"""

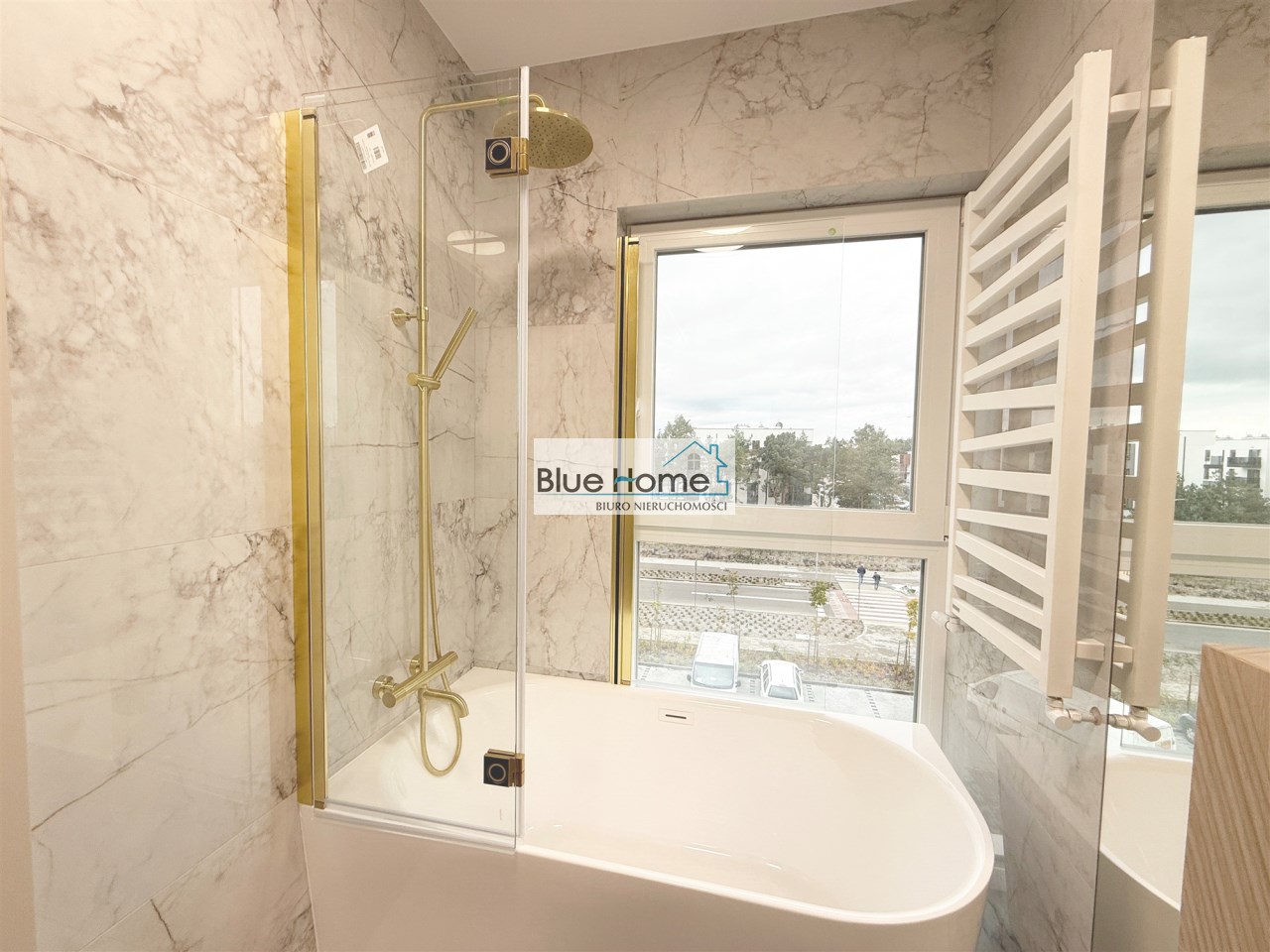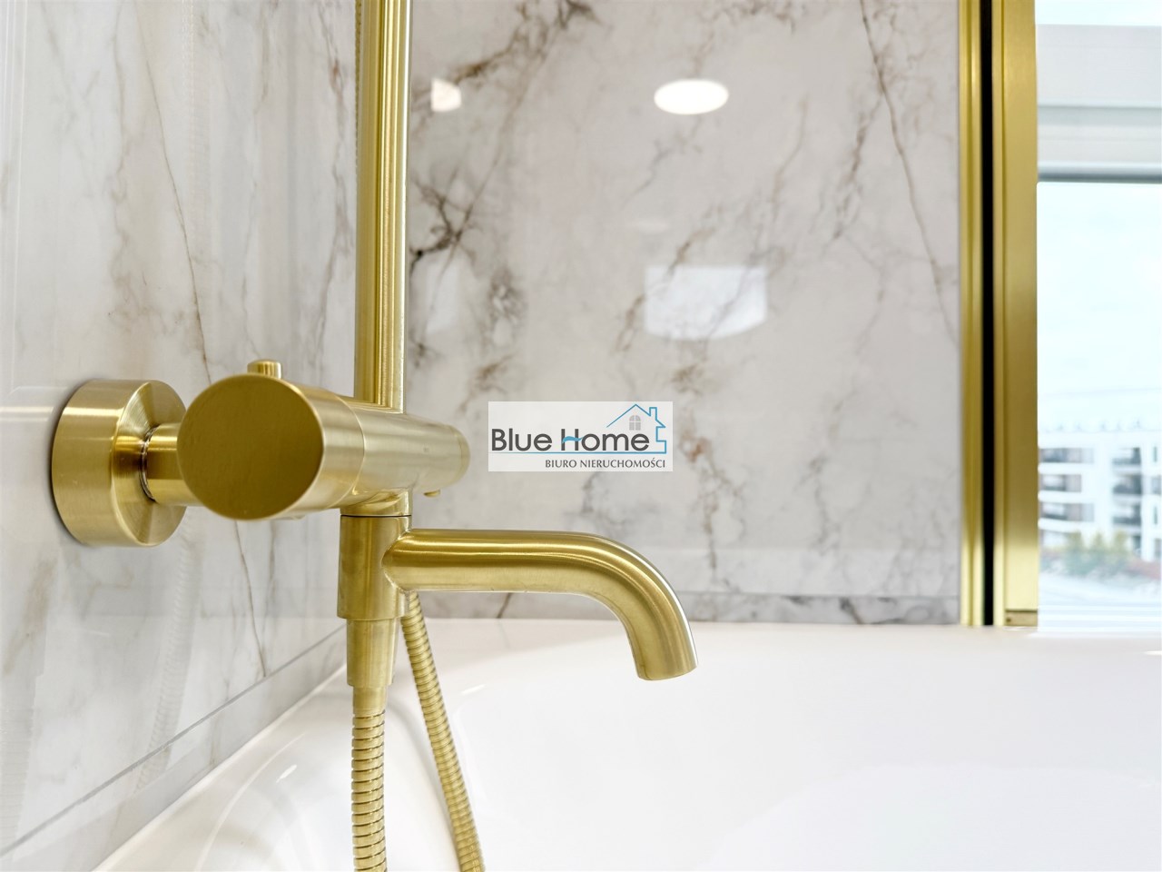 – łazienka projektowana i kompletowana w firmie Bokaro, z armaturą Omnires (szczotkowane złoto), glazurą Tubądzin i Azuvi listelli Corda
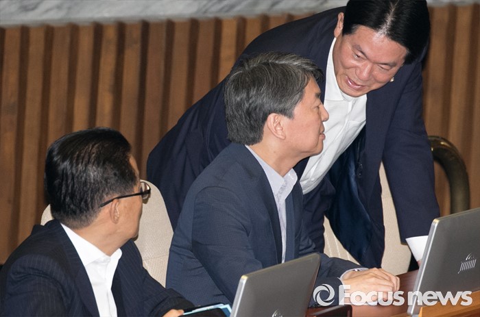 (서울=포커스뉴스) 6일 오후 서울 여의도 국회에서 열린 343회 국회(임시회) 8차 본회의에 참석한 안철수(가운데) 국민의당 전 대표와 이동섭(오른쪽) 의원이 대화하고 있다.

"""
"""

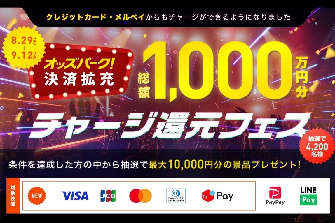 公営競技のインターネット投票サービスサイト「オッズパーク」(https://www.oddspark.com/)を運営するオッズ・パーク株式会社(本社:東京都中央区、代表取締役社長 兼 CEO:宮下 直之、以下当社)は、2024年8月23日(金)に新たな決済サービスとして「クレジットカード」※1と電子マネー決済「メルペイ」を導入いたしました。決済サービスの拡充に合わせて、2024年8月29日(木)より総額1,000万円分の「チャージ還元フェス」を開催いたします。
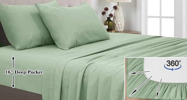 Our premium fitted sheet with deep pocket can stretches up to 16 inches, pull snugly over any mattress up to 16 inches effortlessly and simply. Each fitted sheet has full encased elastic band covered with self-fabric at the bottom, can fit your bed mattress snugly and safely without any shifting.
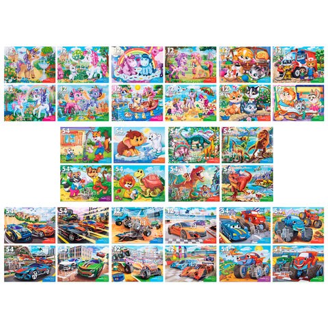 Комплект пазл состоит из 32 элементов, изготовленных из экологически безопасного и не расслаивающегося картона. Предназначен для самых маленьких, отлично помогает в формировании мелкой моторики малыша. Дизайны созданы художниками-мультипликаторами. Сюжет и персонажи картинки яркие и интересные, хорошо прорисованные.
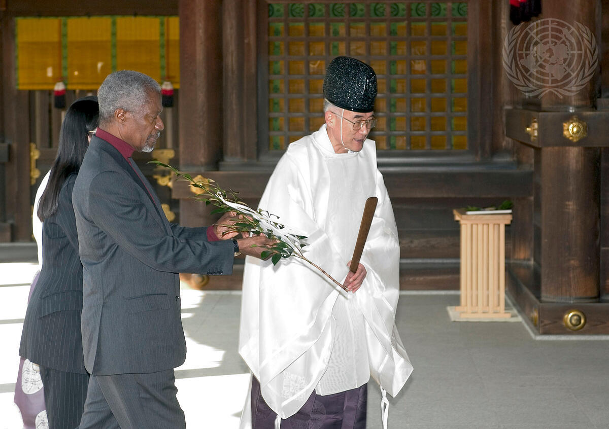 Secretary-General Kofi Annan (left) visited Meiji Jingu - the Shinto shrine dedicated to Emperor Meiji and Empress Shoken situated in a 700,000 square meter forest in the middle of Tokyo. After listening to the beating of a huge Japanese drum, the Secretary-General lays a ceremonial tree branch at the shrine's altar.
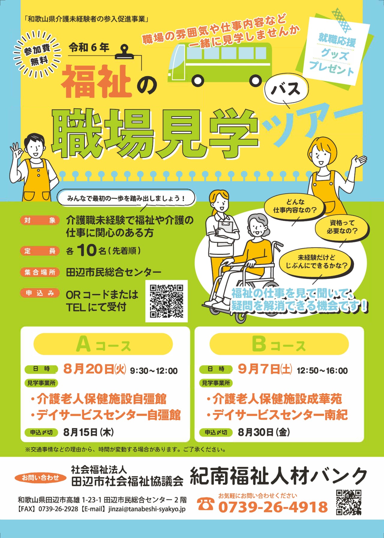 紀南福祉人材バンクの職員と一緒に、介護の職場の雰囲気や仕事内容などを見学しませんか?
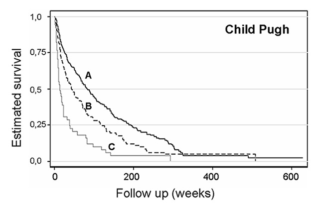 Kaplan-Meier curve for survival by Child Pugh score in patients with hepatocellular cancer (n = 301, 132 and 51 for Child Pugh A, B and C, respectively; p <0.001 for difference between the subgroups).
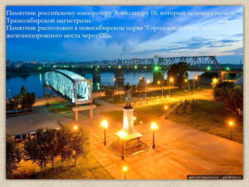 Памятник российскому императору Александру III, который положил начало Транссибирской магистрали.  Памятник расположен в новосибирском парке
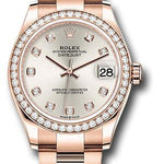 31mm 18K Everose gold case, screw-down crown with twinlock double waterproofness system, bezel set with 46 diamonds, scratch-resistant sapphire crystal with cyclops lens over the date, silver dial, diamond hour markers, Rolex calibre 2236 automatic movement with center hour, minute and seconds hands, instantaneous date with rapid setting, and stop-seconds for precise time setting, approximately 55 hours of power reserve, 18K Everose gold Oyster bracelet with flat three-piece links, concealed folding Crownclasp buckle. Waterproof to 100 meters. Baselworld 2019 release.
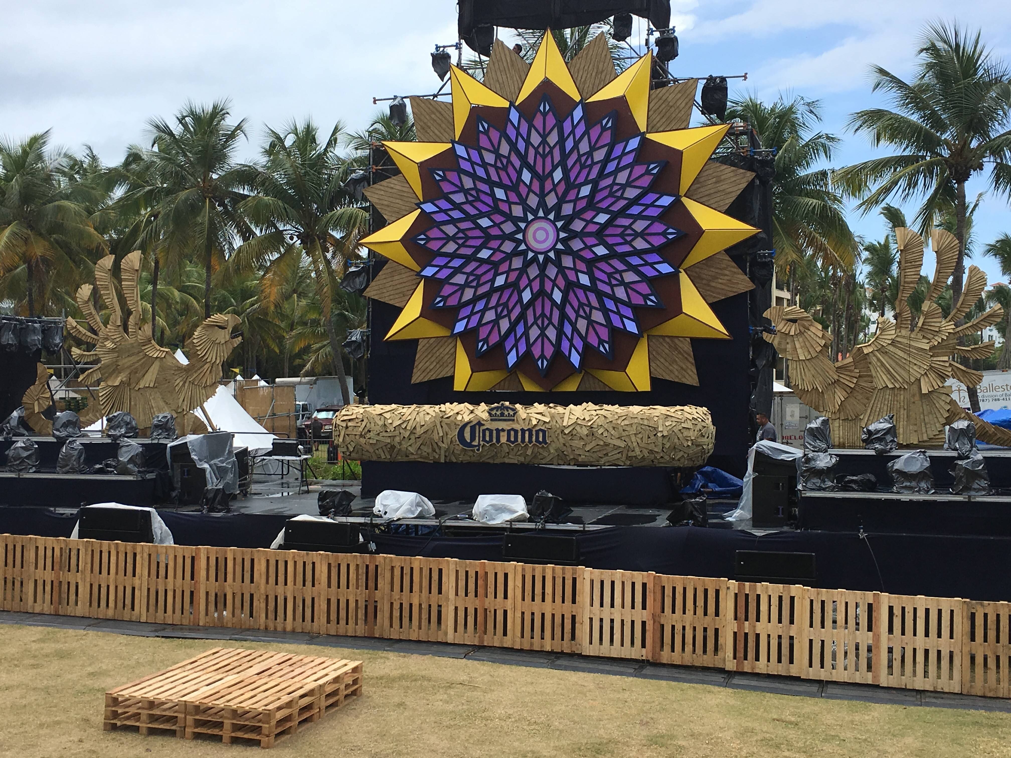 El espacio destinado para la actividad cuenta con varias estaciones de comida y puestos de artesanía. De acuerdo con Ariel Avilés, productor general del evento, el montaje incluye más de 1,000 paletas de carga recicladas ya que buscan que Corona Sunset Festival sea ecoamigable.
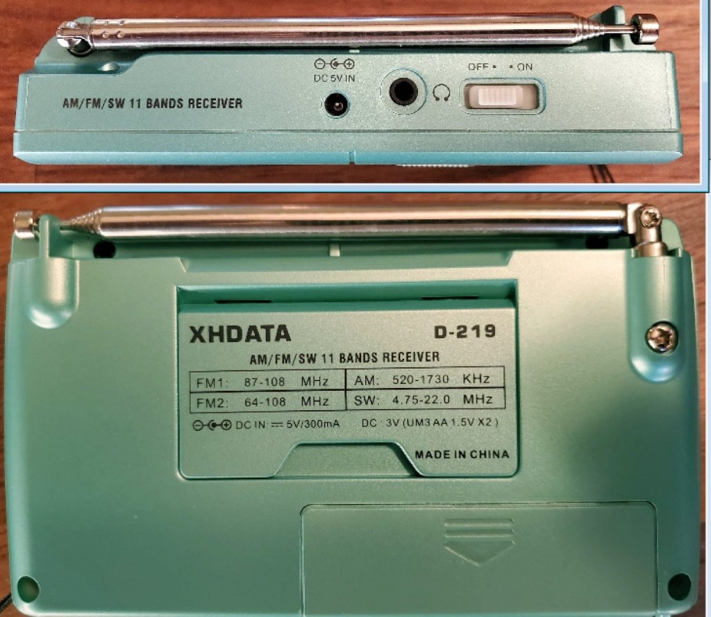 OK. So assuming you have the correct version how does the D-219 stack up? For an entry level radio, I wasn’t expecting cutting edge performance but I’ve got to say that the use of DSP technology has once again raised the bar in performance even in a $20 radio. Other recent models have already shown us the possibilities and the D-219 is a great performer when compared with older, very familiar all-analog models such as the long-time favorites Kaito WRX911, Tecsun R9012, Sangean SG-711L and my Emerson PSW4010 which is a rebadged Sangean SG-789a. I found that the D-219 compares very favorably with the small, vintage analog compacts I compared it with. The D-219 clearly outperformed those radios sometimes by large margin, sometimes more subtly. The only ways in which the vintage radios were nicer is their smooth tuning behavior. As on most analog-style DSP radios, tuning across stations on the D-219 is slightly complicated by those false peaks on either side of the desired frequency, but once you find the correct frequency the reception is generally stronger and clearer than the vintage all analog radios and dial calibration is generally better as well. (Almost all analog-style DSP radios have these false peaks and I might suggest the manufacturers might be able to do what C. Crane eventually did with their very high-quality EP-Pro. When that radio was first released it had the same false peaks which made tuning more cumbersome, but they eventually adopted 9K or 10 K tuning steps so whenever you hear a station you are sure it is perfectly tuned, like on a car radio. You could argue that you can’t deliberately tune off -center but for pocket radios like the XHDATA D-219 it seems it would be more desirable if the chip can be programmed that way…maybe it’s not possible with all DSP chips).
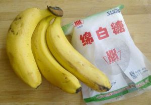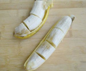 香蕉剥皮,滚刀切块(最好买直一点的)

"""

▶ _Exercise prompt_
Give again the lines of the listing above that run from the one with "31mm 18K Everose" up to and including the one with "El espacio destinado". Keep them exact and omit the pictures.

▶ _Exercise result_
 31mm 18K Everose gold case, screw-down crown with twinlock double waterproofness system, bezel set with 46 diamonds, scratch-resistant sapphire crystal with cyclops lens over the date, silver dial, diamond hour markers, Rolex calibre 2236 automatic movement with center hour, minute and seconds hands, instantaneous date with rapid setting, and stop-seconds for precise time setting, approximately 55 hours of power reserve, 18K Everose gold Oyster bracelet with flat three-piece links, concealed folding Crownclasp buckle. Waterproof to 100 meters. Baselworld 2019 release.
 El espacio destinado para la actividad cuenta con varias estaciones de comida y puestos de artesanía. De acuerdo con Ariel Avilés, productor general del evento, el montaje incluye más de 1,000 paletas de carga recicladas ya que buscan que Corona Sunset Festival sea ecoamigable.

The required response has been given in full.